# Washing Baby Beast coils



## blujeenz

This is mostly to answer @Friks question in the chat bar, it holds good for all commercial coils though, not just the baby beast ones.

Can you rinse a coil? 
Yes, but Id be surprised if it lasted for more than 10 puffs.
After a rinse which only dilutes unheated ejuice, you'd still have all the crusty buildup on the coil and particle matter lodged inside the cotton,
Then you'd try alcohol and while it might last 2 or 3 puffs longer, still no good as a coil saving exercise.
Now you might brainwave an ultrasonic cleaner to do the job and after some experiments, still not right.
Possibly even blasting liquid propane from one of those blowtorch cartridge thingies, through the coil, somewhere inbetween.

At this point you try the old dismantle and rewick the coil trick, after all if it was handbuilt in the factory, it shouldnt be too hard.
After fiddling for an hour, you eventually manage to get it all back together again, if it doesnt dry hit after the 2nd toot, chances are its flooded and gurgling before the 1st.
At this point you realize that getting the original cotton porosity and density correct might be a little more tricky than originally surmised.
So you hoes* for the RBA for Baby Beast and start wicking and building your own coils.
Somewhere, on a forum perhaps , you hear of a RTA thats very easy to build on and figure with all the hassle of fiddling on the tiny BabyBeast RBA it might be time to stick the hand in the pocket again for a proper RTA.
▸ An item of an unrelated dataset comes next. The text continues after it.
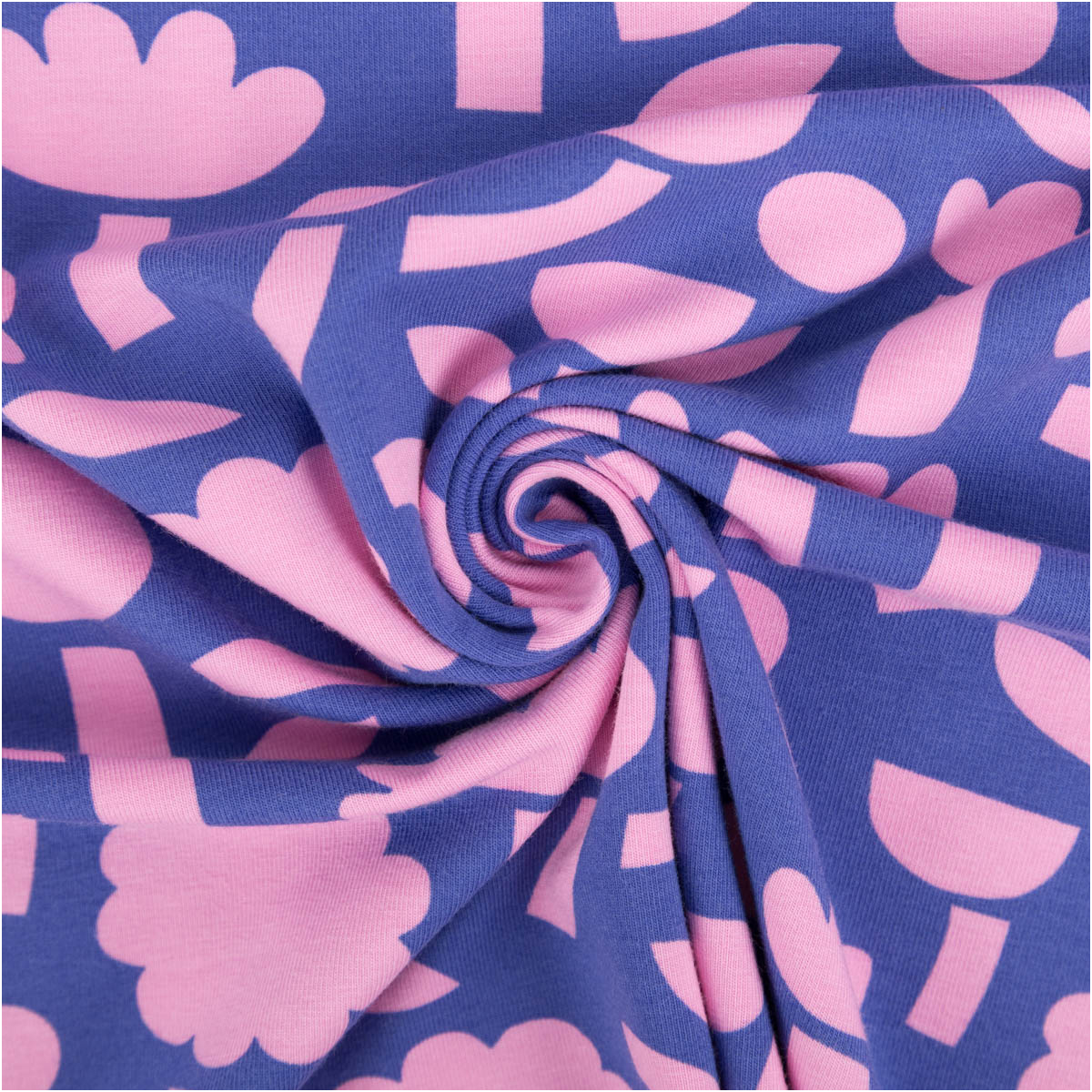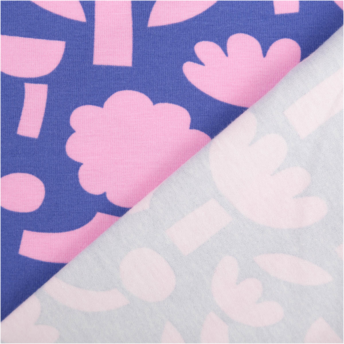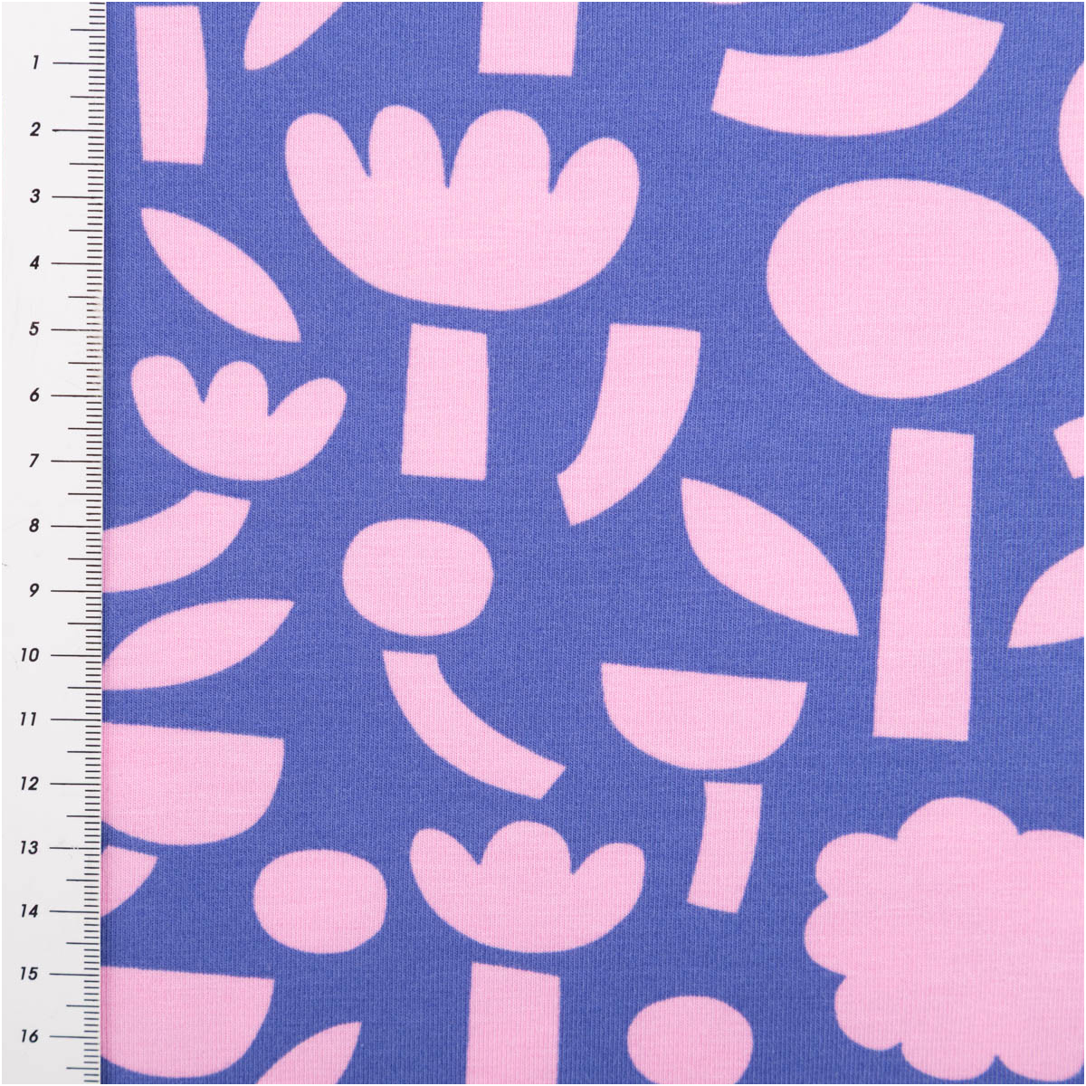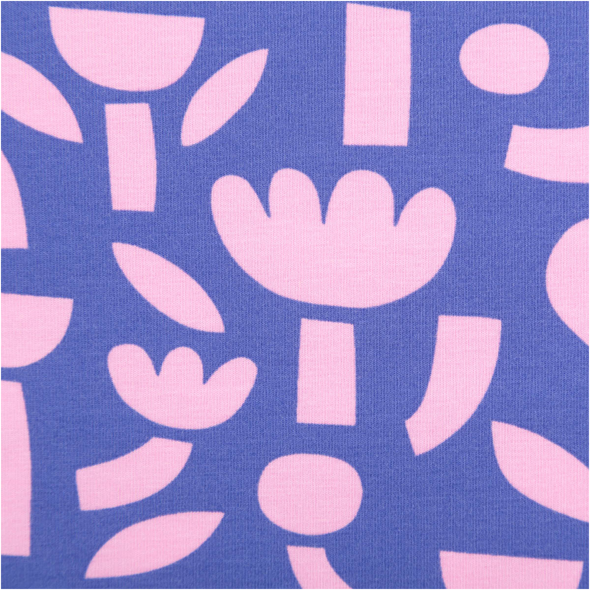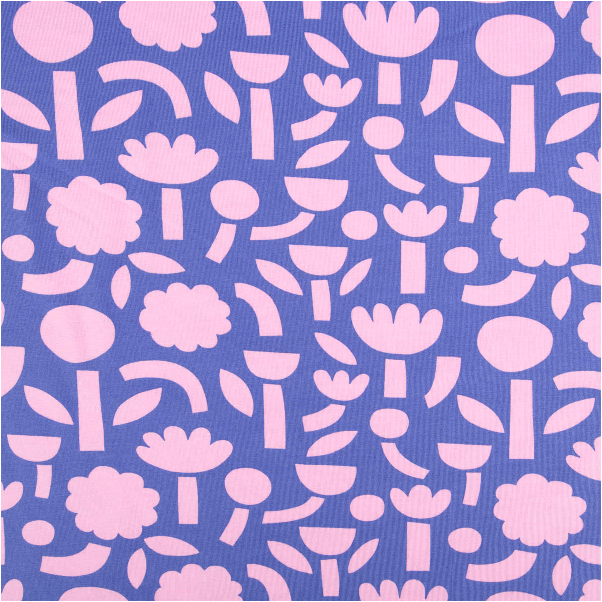 Bio Jersey Stoff Baumwolljersey Blumen Jennifer Bouron blau rosa 1,48 m Breite

Welcome to the rabbithole, its a slippery slope, but at least its clean from all the various solvents you've managed to acquire.
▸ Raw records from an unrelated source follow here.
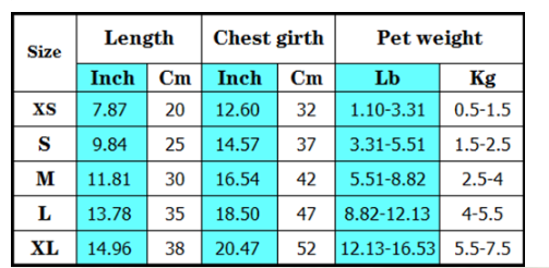 Sizes: XS (recommended weight: 1-4 kg),S (recommended weight: 4-6 kg),M (recommended weight: 6-10 kg),L (recommended weight: 10-14 kg),XL (recommended weight: 14-18 kg)
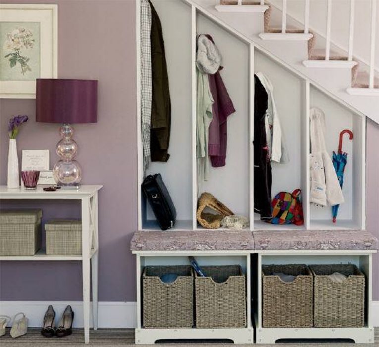 - Il est intéressant de battre un petit espace d'entrée dans la maison où se trouvent les escaliers. Outre le fait qu'un dressing peut être placé en dessous, des étagères ou un espace séparé pour les vêtements pour adultes et enfants sont souvent montés dans les escaliers eux-mêmes. Parfois, la conception de la pièce implique le placement de niches de stockage directement sur les marches elles-mêmes en présence d'un large escalier.
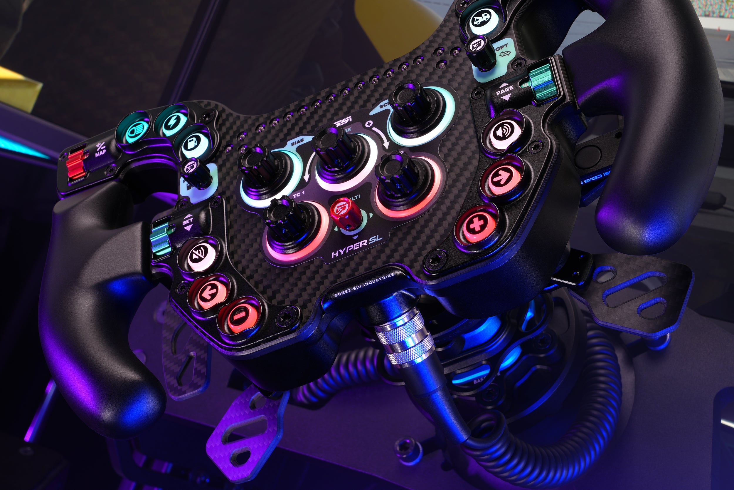 Meet the Hyper SL, our most advanced screenless wheel to date. We prioritized both functionality and elegance, crafting a wheel that stands at the forefront of our offerings. Constructed with premium materials, it embodies exceptional quality and precision. The Hyper SL is tailored for the serious sim racer, offering a sleek, screen-free experience for those who value a pure connection to their race.

ps anyone looking for an ultrasonic cleaner? 

kidding its not for sale. 

*hoes as in cough up

Reactions: Like 3 | Winner 2 | Funny 3


----------



## JsPLAYn

I've rinsed many diferent types of coils before from ijust2 to aspire cleito and some more.. 
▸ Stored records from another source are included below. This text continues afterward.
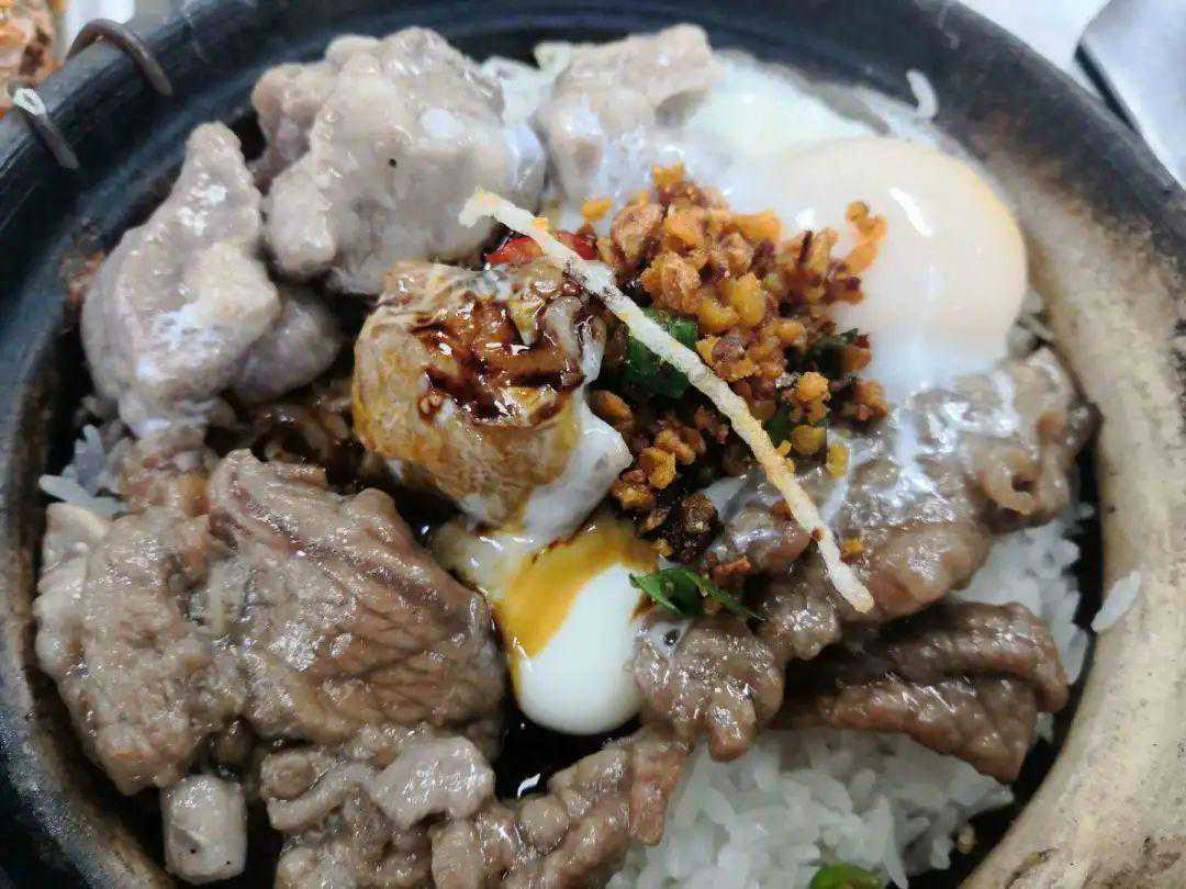 煲仔饭中的腊肠牛肉猪肝窝蛋,砂锅饭中也有,连煲仔饭中不常见的烤鸭丸子火腿肠也在砂锅饭中有一席之地。
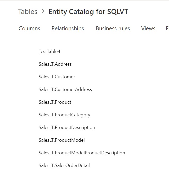 The Entity Catalog will provide you a listing of every table or list from a connected data source that can be used for creating a Virtual Table. This reduces the creation time by eliminating the need to search for the exact table or list names in your source. The catalog is created automatically once you connect to the Virtual Table source.
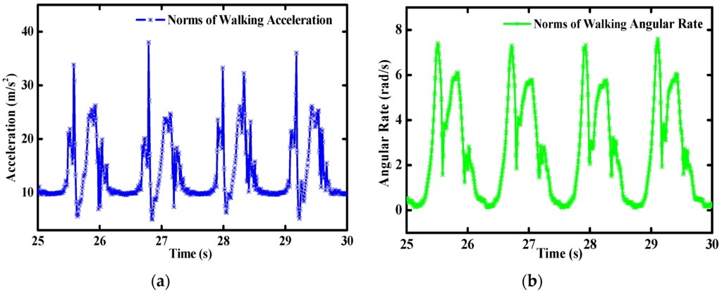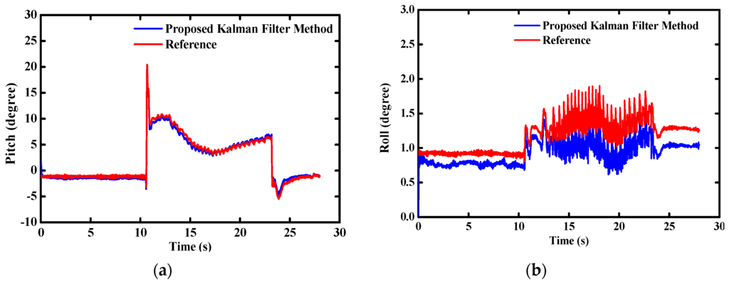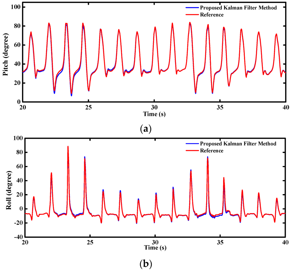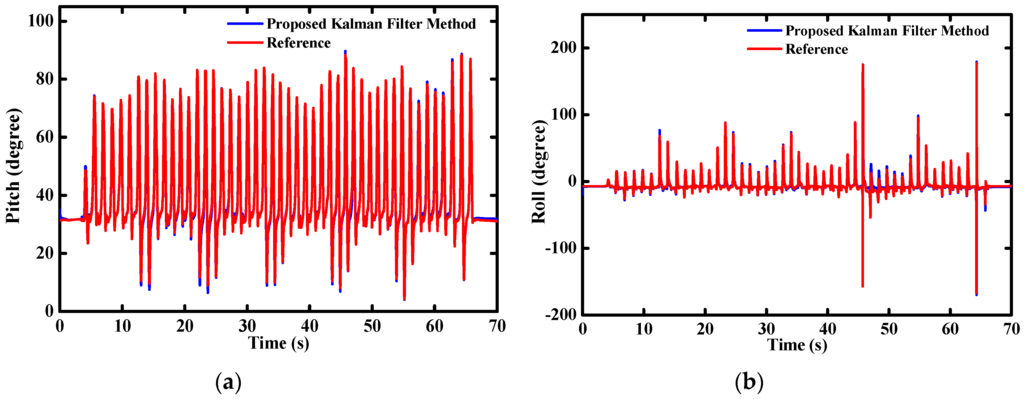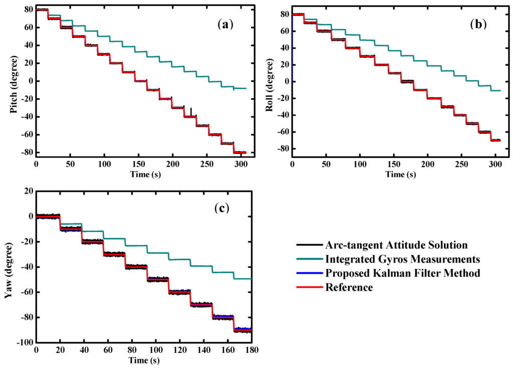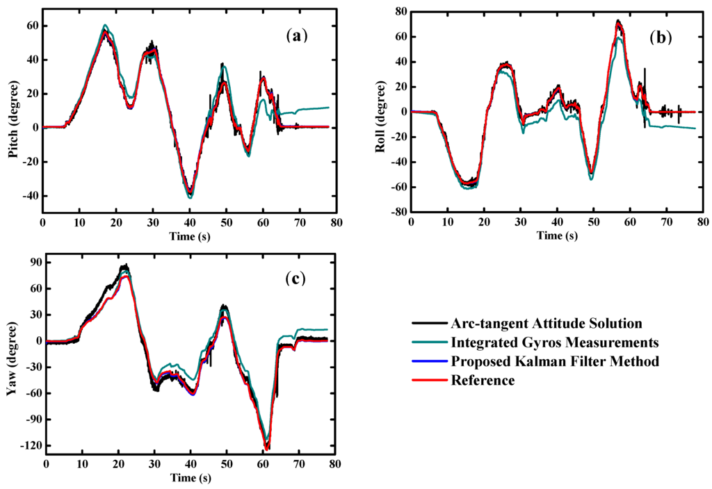 However, due to the inherent noise and drifts with time, there are considerable cumulative errors when only the gyros are used for the orientation determination. Various kinds of time series models are used to estimate the stochastic process of the gyro [12]. All of the published literature shows that the cumulative errors cannot be eliminated only according to the stochastic model of the gyro. Even for the extremely expensive MEMS gyros, the cumulative errors still cannot be neglected. Accordingly, it is necessary to integrate the gyro with some other sensors which there are no drifts and cumulative errors existing. Yun, et al. proposed a factored quaternion method for the orientation estimation [13]. Derivations of half-angle formulas were proposed in their paper. Taking advantage of the gravity decomposition, attitude angles (namely, the pitch and roll angles) are easily obtained from the accelerometer. Sequentially, the heading angle is available when the magnetometer is used. However, the gravity is coupled with the kinematic accelerations so strongly that it cannot be separated from the accelerometer outputs accurately, especially in the case of long-term high dynamics. Simultaneously, the geomagnetic field is very susceptible to the additional magnetic field induced by surrounding hard or soft magnet materials [14]. Due to the deviations among the directions of the geomagnetic field in different locations, it is not appropriate to use the magnetic data for the pitch and roll estimation. All the reasons above make the accelerometer and magnetometer play the role of aided sensors.

IT JUST DOESN'T TASTE THE SAME 

I had to try to be convinced as there are so many you tube threads showing you how and yes they look brand new after a wash and dry.. but what they dnt tell u on the you tube vids is how k*k it tastes afterwards lol

Baby beast coils are duur.. so I dnt blame the guy for asking lol coz after buying 4 coils which only last a week or so.. that's a whole new tanks money

Reactions: Agree 2


----------



## ivc_mixer

You guys just saved me R700... I was about to buy a UC this weekend to clean my Cleito 120 coils as, not just are they expensive, but it seems a lot of people like using them so they're scarce too (well, when I want to buy them that is)...


----------



## boxerulez

ivc_mixer said:


> You guys just saved me R700... I was about to buy a UC this weekend to clean my Cleito 120 coils as, not just are they expensive, but it seems a lot of people like using them so they're scarce too (well, when I want to buy them that is)...


Save 200

Order yourself a lekke dripper, maybe an Icon and with the change some unicors to make the dripping fun.

OR

I hear the Ammit2 is good (Basically a Kylin)

But prefer RDA, much space , flavour much wow.


----------



## ivc_mixer

I have a troll RDA which I love, but impractical when driving, etc. Getting awesome flavour on my Aspire but I am contemplating a Serpent Mini...


----------